* _Task requirements_: In the material below, find the span from the line with "Hani Mokhta Bangsar" to the line with "started with a" and transcribe only those lines, exactly, ends included, without the pictures.

*** Data records Section Begins ***

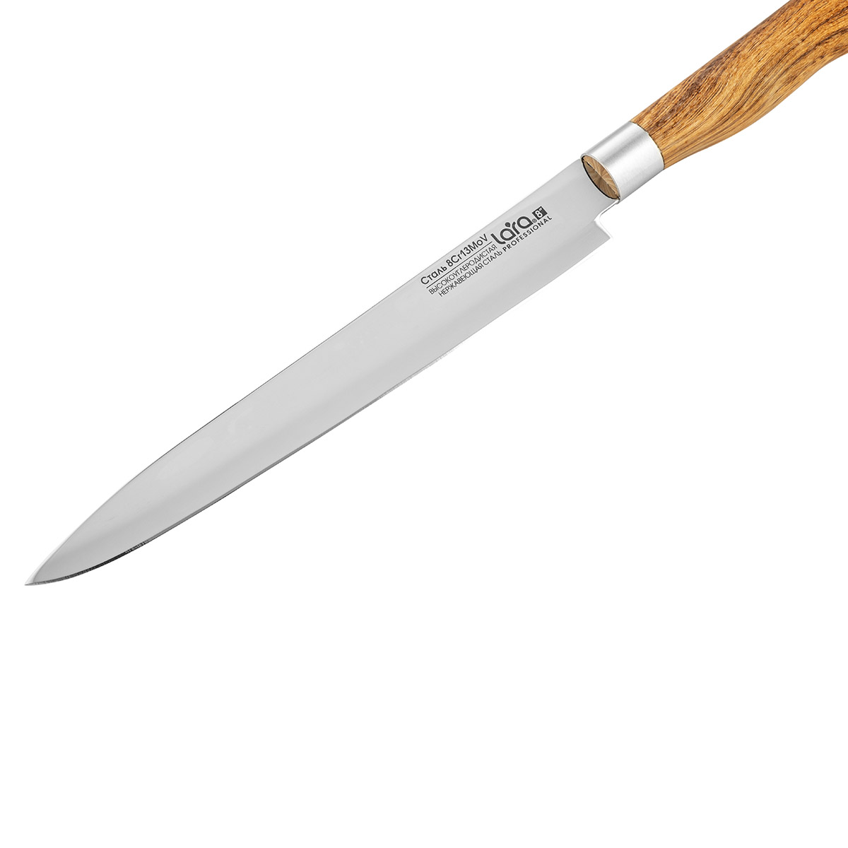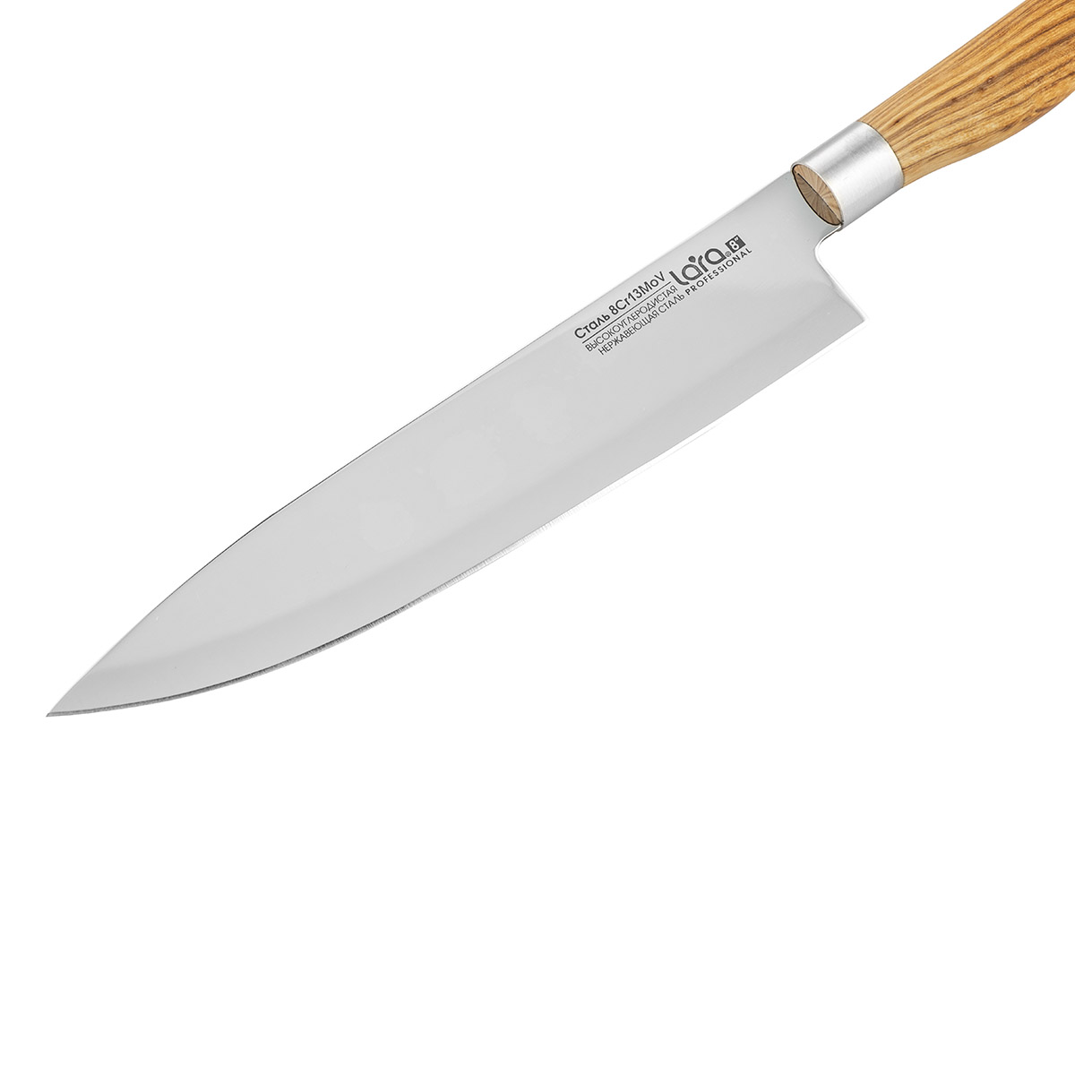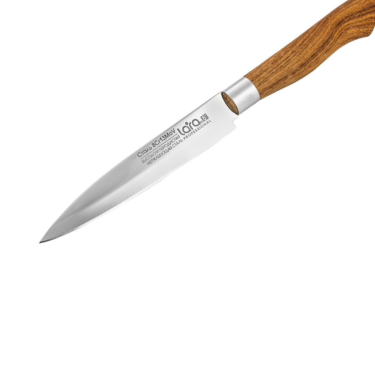 Все ножи выполнены из высокоуглеродистой нержавеющей стали марки 3Cr13 с зеркальной полировкой.
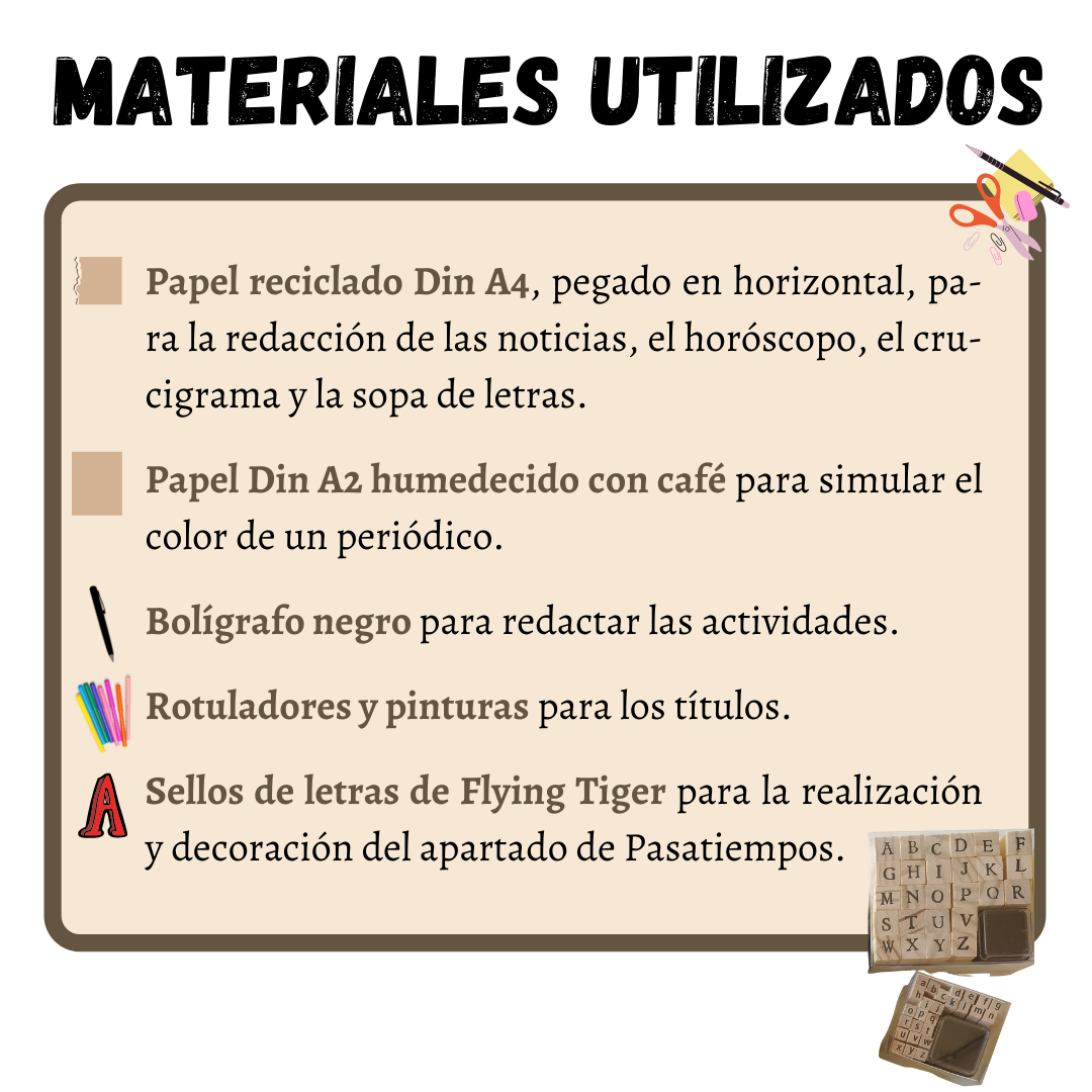¡Hola, lazarillos y lazarillas! En 1.º ESO hemos creado un periódico de aula como proyecto de la segunda evaluación. Para hacerlo, necesitamos varias sesiones en las que escogimos el nombre y el precio del periódico, las secciones en las que se dividiría nuestro periódico y, posteriormente, empezamos con la redacción y el diseño.
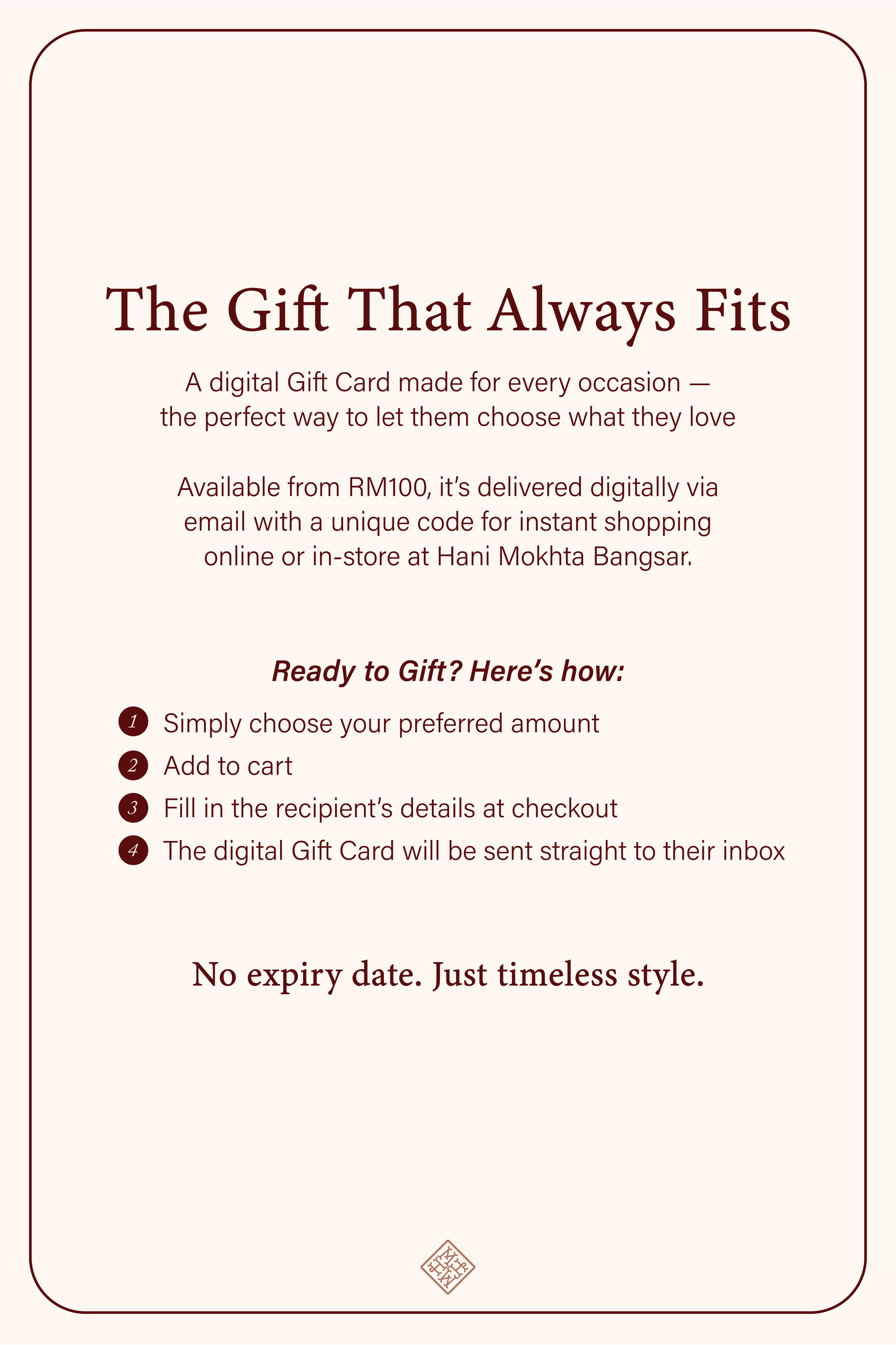 🛍️ Redeem online or in-store at Hani Mokhta Bangsar
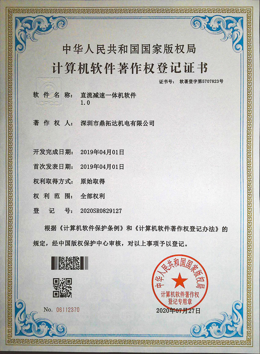 直流減速一體機軟件證書
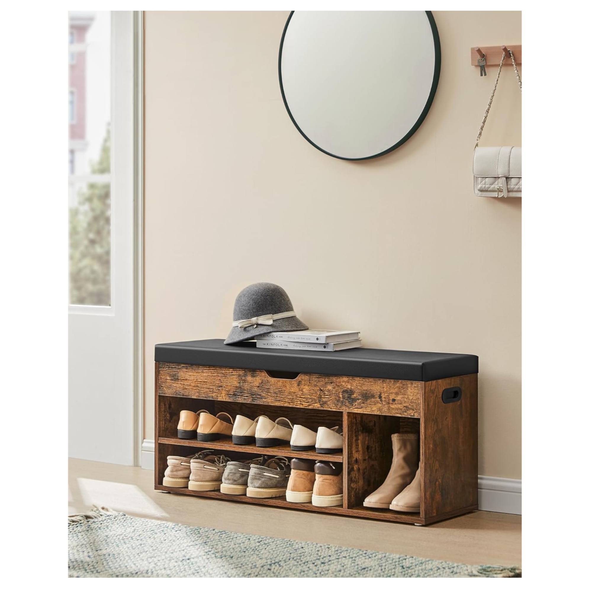 Pod sedákom sa nachádza priehradka s výškou 7 cm, do ktorej je možné si odložiť napríklad rukavice, knihy atď. Spodné otvorené priehradky ponúkajú priestor až na 8 párov topánok. Maximálna nosnosť lavice je 150 kg.
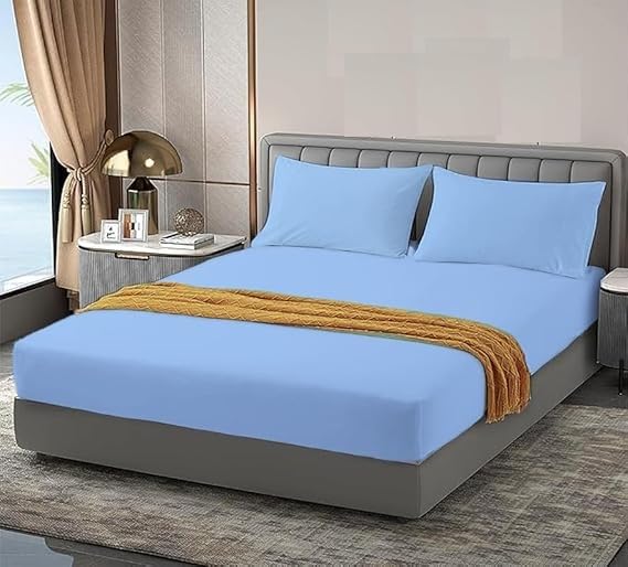 Generic - طقم ملاية استيك سادة للفنادق والمنازل والقري السياحية من نونو ستور مكون من ثلاث قطع لبنى 100سم *200سم*30سم لون لبنى قطن
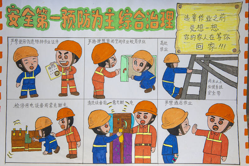 有的作品描绘了工人在操作前认真检查设备的场景,传递出遵守安全操作规程的重要性;有的则刻画了家人等待亲人平安回家的画面,从亲情角度唤起职工对安全的重视 ,“画”里有“话”地告诉大家什么该做、什么不该做,富有较强的安全警示意义。
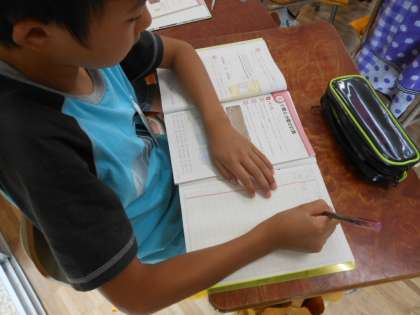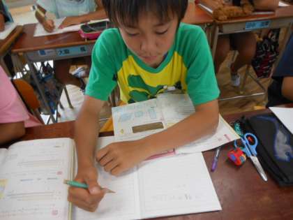 式を立てることは簡単にできました。「小数の足し算引き算は小数点をそろえる」などの決まりを思い出して押さえながら計算していきました。黙々と計算していました。
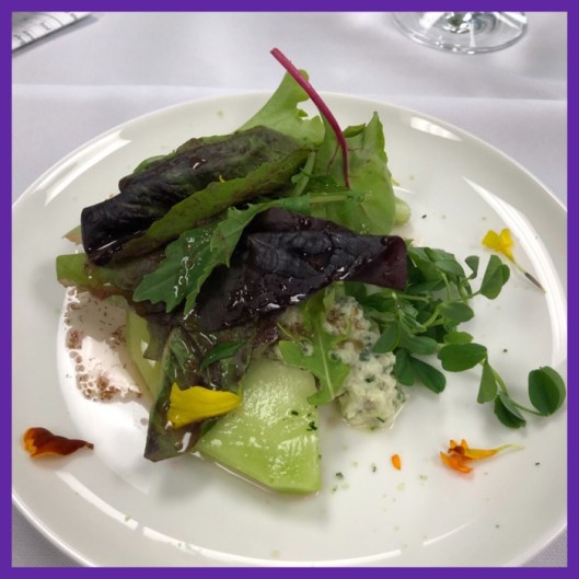 started with a salad of compressed melon, whipped goat cheese and apple compote, mint, red wine vinaigrette, dill salt, local pea shoots… it was yummy…
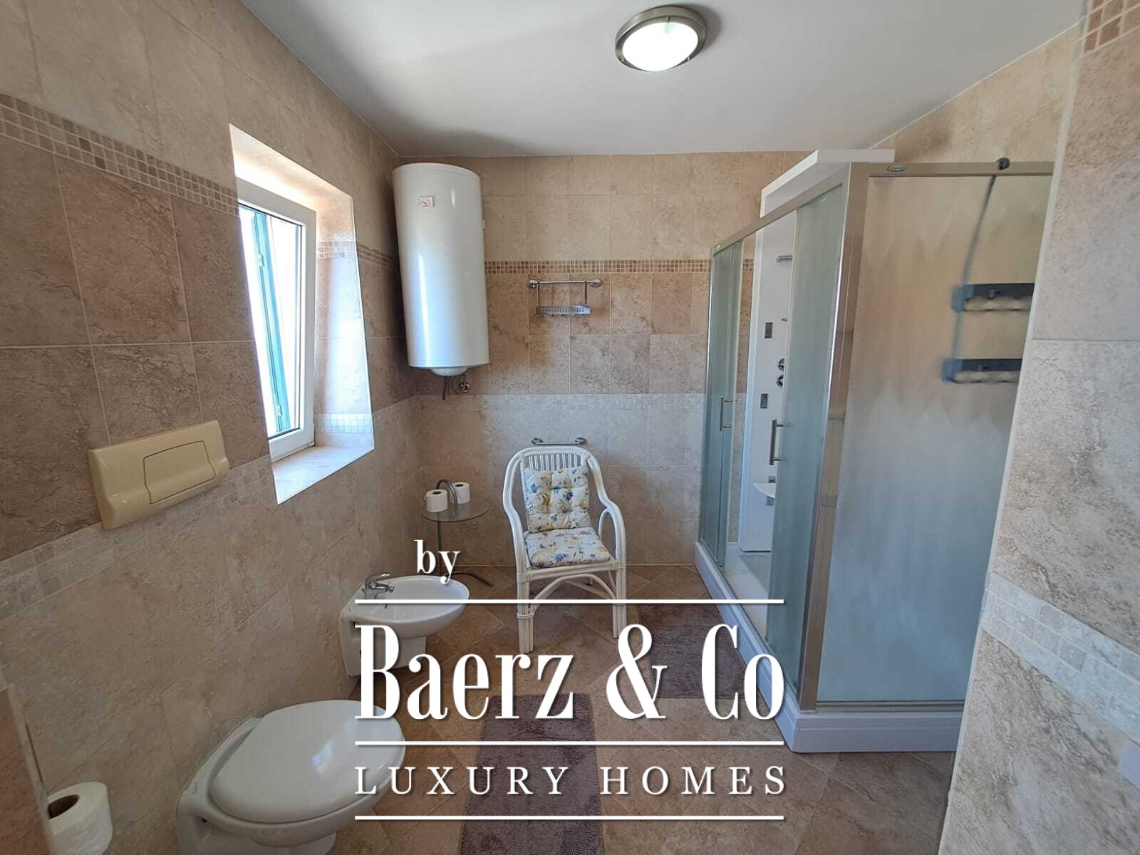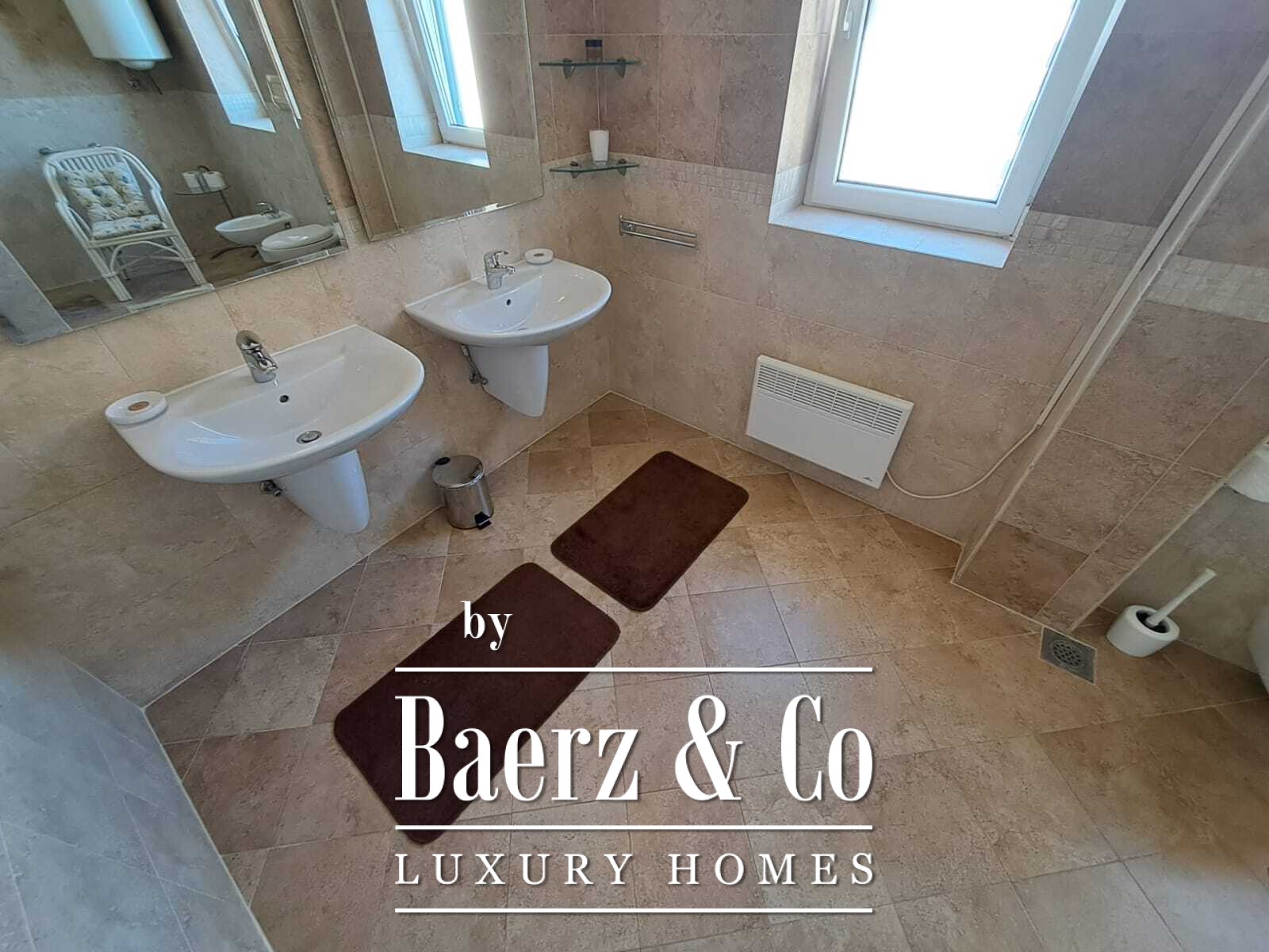 This three bedroom duplex apartment is located in Sveti Stefan, Budva. It has a beautiful seaview as it is around 50m away from the sea. The building was built in 2006. The apartment is fully furnished. 2 parking slots are not included in the price, with them the price is 750 000e. Tivat airport is 30km away and Podgorica airport is around 57km away. The beautiful Milocer park is just a few minutes within walking distance along with the famous Queen's beach. The apartment is perfect for families as they can enjoy the beautiful view of Sveti Stefan and its beaches. The apartment itself has 139m2, while its two terraces have 27m2 (which are included in the price).

*** Data records Section Ends ***

* _Task response_:
 🛍️ Redeem online or in-store at Hani Mokhta Bangsar
 直流減速一體機軟件證書
 Pod sedákom sa nachádza priehradka s výškou 7 cm, do ktorej je možné si odložiť napríklad rukavice, knihy atď. Spodné otvorené priehradky ponúkajú priestor až na 8 párov topánok. Maximálna nosnosť lavice je 150 kg.
 Generic - طقم ملاية استيك سادة للفنادق والمنازل والقري السياحية من نونو ستور مكون من ثلاث قطع لبنى 100سم *200سم*30سم لون لبنى قطن
 有的作品描绘了工人在操作前认真检查设备的场景,传递出遵守安全操作规程的重要性;有的则刻画了家人等待亲人平安回家的画面,从亲情角度唤起职工对安全的重视 ,“画”里有“话”地告诉大家什么该做、什么不该做,富有较强的安全警示意义。
 式を立てることは簡単にできました。「小数の足し算引き算は小数点をそろえる」などの決まりを思い出して押さえながら計算していきました。黙々と計算していました。
 started with a salad of compressed melon, whipped goat cheese and apple compote, mint, red wine vinaigrette, dill salt, local pea shoots… it was yummy…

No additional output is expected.